New Development Zone to Take Shape Near Beijing
January 31, 2009
China’s port construction, steel and power giants will pour 192.9 billion yuan (28 billion U.S. dollars) for infrastructure construction in Caofeidian, an island-turned development zone in the Bohai Bay in north China, according to the city government of Tangshan, which administrates the zone.
Xinhua’s source with the government said on Wednesday that 65 billion yuan of the investment will be used for 105 infrastructure projects this year.
The 50-sq km development zone in Hebei Province is 220 km to the east of Beijing. It has been designated as a model of China’s environment-friendly industrial base.
The projects under construction this year will equip the zone with 200 million tons of port handling capacity and an initial industrial production condition for key companies, such as the Beijing Capital Iron and Steel Group’s steel plant, which moved from the capital city’s urban area to Caofeidian in 2007.
The Caofeidian industrial zone was put on China’s list of pilot areas for recyclable economy in October 2005. Chinese President Hu Jintao and Premier Wen Jiabao both paid visits to the zone. They expect it to become a demonstration area for scientific development and recyclable development.

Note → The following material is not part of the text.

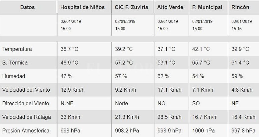 Algunos podrán decir que la sensación térmica registrada se produce por la gran cantidad de cemento que rodea el lugar, y la ubicación: pleno centro de la ciudad. No obstante, en Rincón, la temperatura marcó 61,4°C. El CIC de Facundo Zuviría estaba «un poco más fresco», registrando 57,2°C.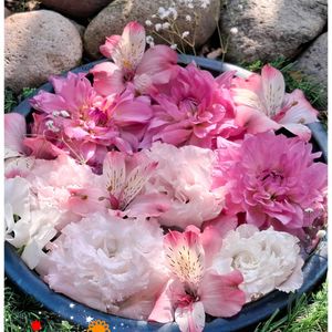 ㊗️モコさん 6年生進級 ㊗️サスケママさん HAPPY BIRTHDAY🎂 庭の花で、超特急で花手水作りました😆 お祝いさせてくださいね(*^ー゚) 優しいお2人大好きです😆💕✨ これからも宜しくお願いします

Caofeidian has been mapped to become the country’s largest steel production base by 2010. An evaluation by the country’s environmental watchdog shows the steel plant will ensure 99.5 percent of solid waste and 97.5 percent of waste water are recycled.
State-owned giants like Petro China and Huadian Power Group have also made the zone their energy base.
Caofeidian, once a small sand spit in the Bohai Bay, has extended into a land of more than 50 square km through sea fillings since 2003. The frame of a modern city is beginning to take shape here as crowds of elite technicians and industrial workers swarm to the zone.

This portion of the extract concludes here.